(RECORDS FOR PROCESSING):
* * * * * * * * *

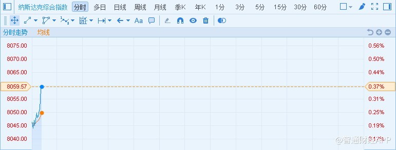 智通財經APP獲悉,周三,美股基本平開,其中納斯達克指數盤初高走,升穿8046.315點,創(chuàng)紀錄新高。截至發(fā)稿,納指報8059.57,漲30點或0.37%。
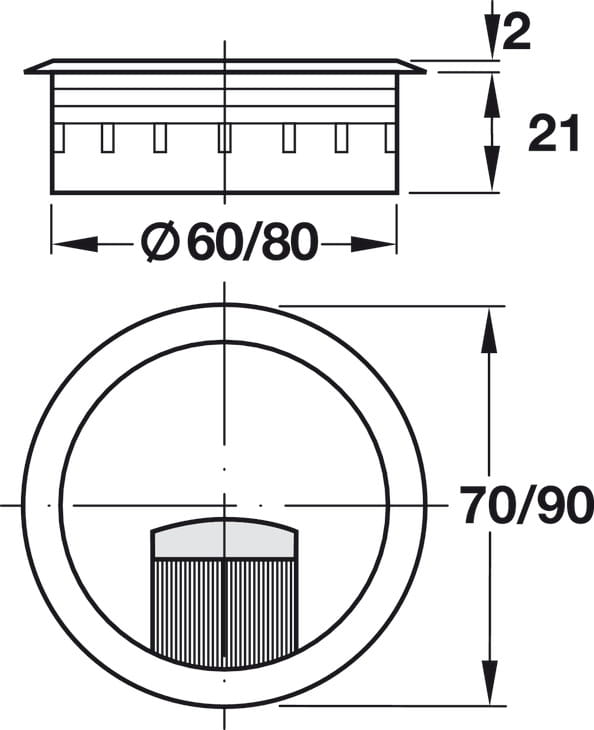 Przelotka kablowa, okrągła Ø 70 mm, k. ALUMINIUM Häfele 631.35.212
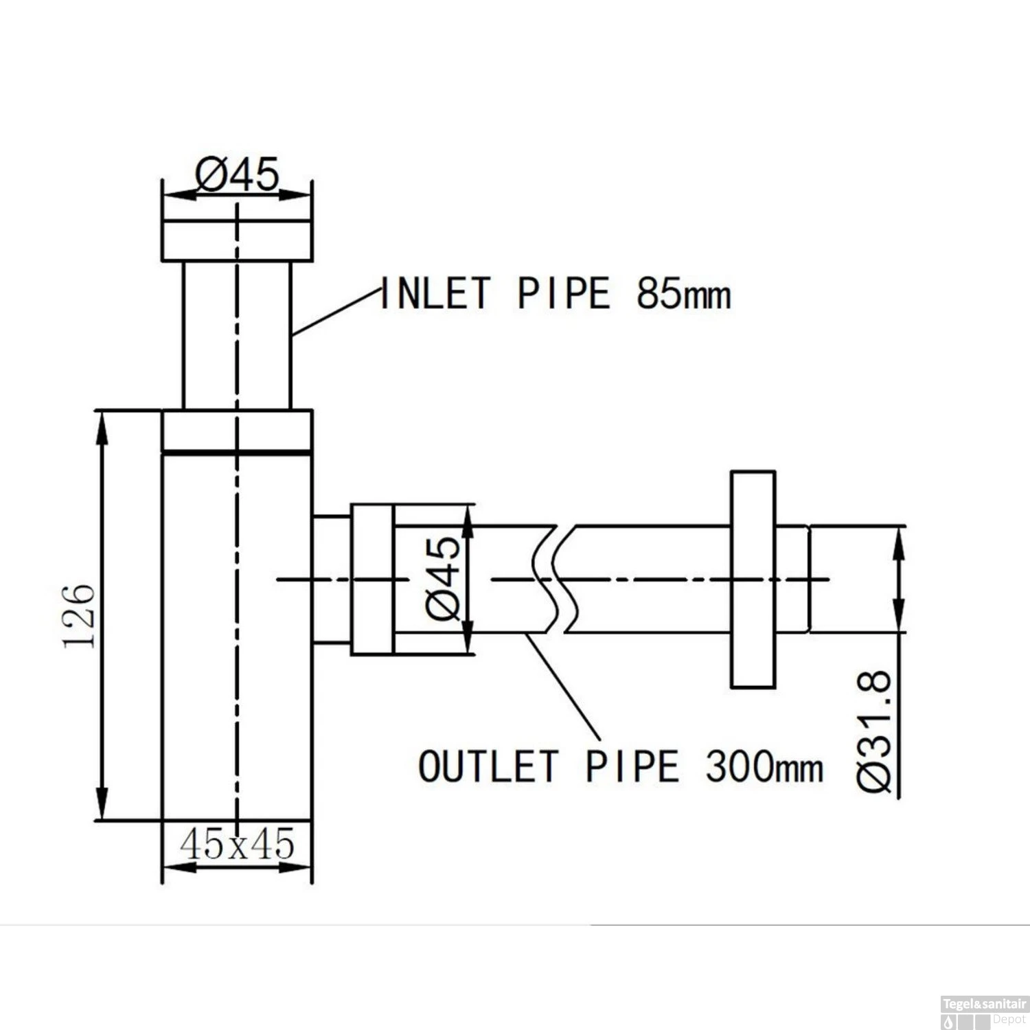 Specificaties BWS Bekersifon Luxe Vierkant 11/4″ RVS Look:
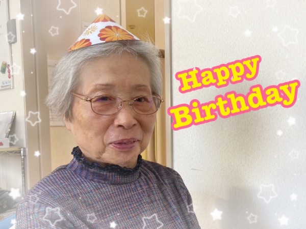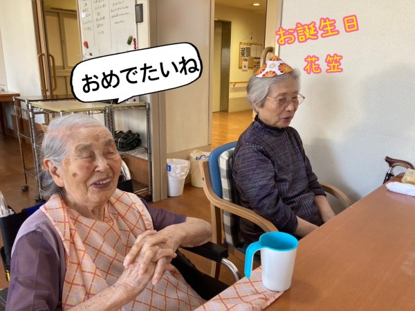 ケアスタッフの小西くんが、夜勤中にセッセと作った花笠を被ってハッピーバースデー✽
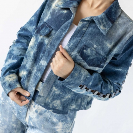 This lime blazer is crafted from luxurious modal satin and features an all-over blotch print. It comes with a notched lapel collar, full sleeves, and a front button closure for a polished look. Style it with minimal accessories and strappy heels for a dressy evening soiree.

* * * * * * * * *

(EXERCISE DESCRIPTION):
All lines from the one containing "ケアスタッフの小西くんが、夜" through the final line of the records are to be retyped exactly; no other lines and no pictures are to be included.

(RESULT OF THIS EXERCISE):
 ケアスタッフの小西くんが、夜勤中にセッセと作った花笠を被ってハッピーバースデー✽
 This lime blazer is crafted from luxurious modal satin and features an all-over blotch print. It comes with a notched lapel collar, full sleeves, and a front button closure for a polished look. Style it with minimal accessories and strappy heels for a dressy evening soiree.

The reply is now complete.